Manual |
Previously computed csv-style I(q) vs. q files, such as those generated using the US-SOMO Batch Mode, can also be uploaded in the SOMO SAXS/SANS graphics window by pressing the Load SAXS (or Load SANS) button.
If one or multiple files were already loaded in the SAS window, a pop-up window will appear asking to select a target curve upon which the new data to be plotted can be rescaled:
Then, a new window "Load, manage, and process SAS data" will open listing all the individual curves present in the csv file, plus all other files already uploaded into the graphics window.

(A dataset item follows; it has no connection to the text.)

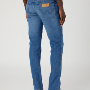 Wrangler keskisininen farkku. Normaali vyötärön korkeus, vetoketju/nappi kiinnitys. Vyölenkit, 5-taskumalli. Suora lahje, normaali reiden leveys. Joustava materiaali.

Individual data can be selected/deselected by clicking on them, or they can all be selected/deselected by pressing the Select All button. Several operations can then be performed before returning to the graphics window. In the example shown below, the last ten datasets were selected and the Create average curve, Create std deviation curves, Only plot stats, and Save to csv checkboxes were ticked. This will create an average curve from the selected dataset, plus +1 SD and -1 SD curves. Only the average and SD curves will be plotted (because the Only plot stats checkbox was selected). Furthermore, the resulting average and SD curves will be saved in another csv file, whose filename can be entered in the field next to the Save to csv checkbox. The original source data can be also saved in the new csv file by ticking the Include source data checkbox.
Unticking the Clear plot checkbox in the lower right corner will leave previously plotted data in the SAS window.
Note that on Windows, the shading of selected datasets will differ - generally a light gray or light blue.
After the appropriate selection, if one or multiple files were already loaded in the SAS window, pressing the Plot button will bring up again the pop-up window asking to select a target curve upon which the new data to be plotted can be rescaled:
After selecting the curve and pressing OK, the graphics window will be updated (and at the same time also the progress window in the bottom-left corner of the panel):
Here the filenames are also shown (pressing the Legend button in the US-SOMO SAXS/SANS panel), and the width of the curves was also increased (pressing once the Width button in the US-SOMO SAXS/SANS panel).
Since in this case the Clear plot checkbox was unticked, the resulting average curve is scaled against the selected target curve, and a pop-up window with the residuals will appear:
From the SAXS/SANS I(q) Plotting Functions: panel, pressing the Load Plotted button will re-open the Load, manage, and process SAS data window, listing all data currently shown on the graphics window, on which further operations can be performed:
For instance, the selected data, which are stored in rows, can be transposed into columns by pressing the Transpose button (the number in parentheses in the button label will show how many datasets are going to be transposed). This will bring up a save window where a path and a filename can be chosen. The transposed file will be saved in csv format.
Alternatively, a Crysol-compatible file can be saved by pressing the Save .DAT button, bringing up again a save window where a path and a filename can be chosen. Currently (March 2023) only one dataset at the time can be saved in .DAT format (2 or 3 columns, depending on the presence of SD data).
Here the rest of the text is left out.